=== Given information ===

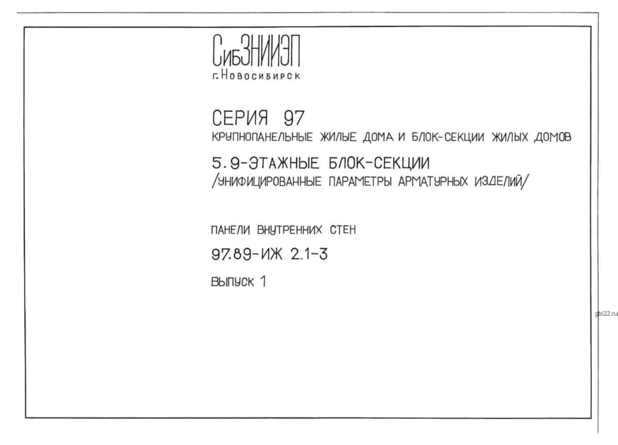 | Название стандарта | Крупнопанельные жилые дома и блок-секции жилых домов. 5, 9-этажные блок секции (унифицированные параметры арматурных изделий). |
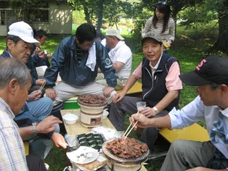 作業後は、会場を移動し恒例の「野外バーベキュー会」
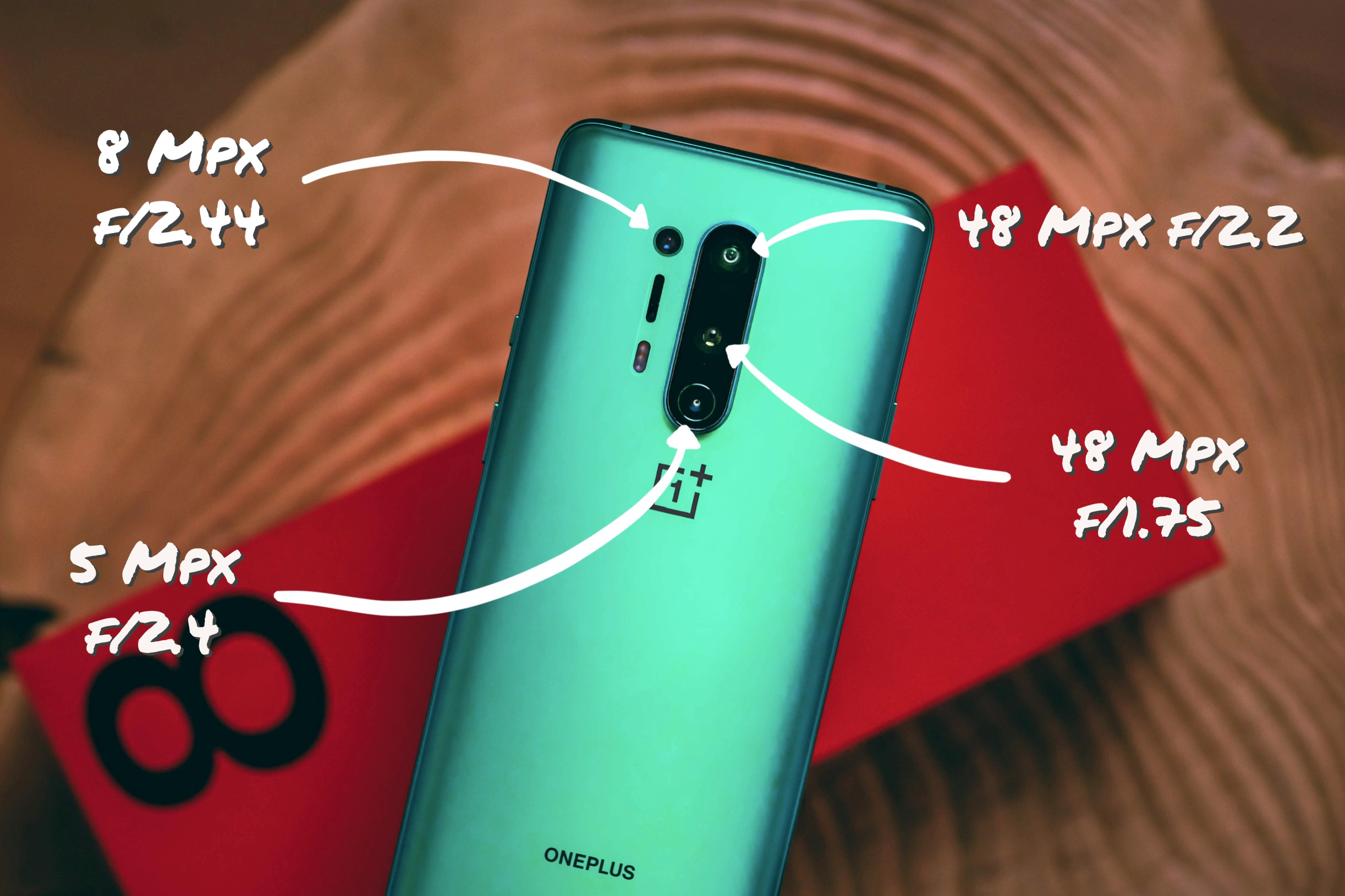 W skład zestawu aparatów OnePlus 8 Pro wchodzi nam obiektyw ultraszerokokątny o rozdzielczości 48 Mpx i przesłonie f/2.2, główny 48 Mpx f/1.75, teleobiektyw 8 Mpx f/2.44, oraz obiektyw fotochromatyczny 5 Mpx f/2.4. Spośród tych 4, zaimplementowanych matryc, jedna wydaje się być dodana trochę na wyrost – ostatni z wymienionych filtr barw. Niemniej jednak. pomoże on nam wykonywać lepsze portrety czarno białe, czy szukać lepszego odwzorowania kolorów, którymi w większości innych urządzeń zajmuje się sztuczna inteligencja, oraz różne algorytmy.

===

* _Exercise_: Every line of the data should be copied as it stands, without the images.

* _Reply to the task_:
 | Название стандарта | Крупнопанельные жилые дома и блок-секции жилых домов. 5, 9-этажные блок секции (унифицированные параметры арматурных изделий). |
 作業後は、会場を移動し恒例の「野外バーベキュー会」
 W skład zestawu aparatów OnePlus 8 Pro wchodzi nam obiektyw ultraszerokokątny o rozdzielczości 48 Mpx i przesłonie f/2.2, główny 48 Mpx f/1.75, teleobiektyw 8 Mpx f/2.44, oraz obiektyw fotochromatyczny 5 Mpx f/2.4. Spośród tych 4, zaimplementowanych matryc, jedna wydaje się być dodana trochę na wyrost – ostatni z wymienionych filtr barw. Niemniej jednak. pomoże on nam wykonywać lepsze portrety czarno białe, czy szukać lepszego odwzorowania kolorów, którymi w większości innych urządzeń zajmuje się sztuczna inteligencja, oraz różne algorytmy.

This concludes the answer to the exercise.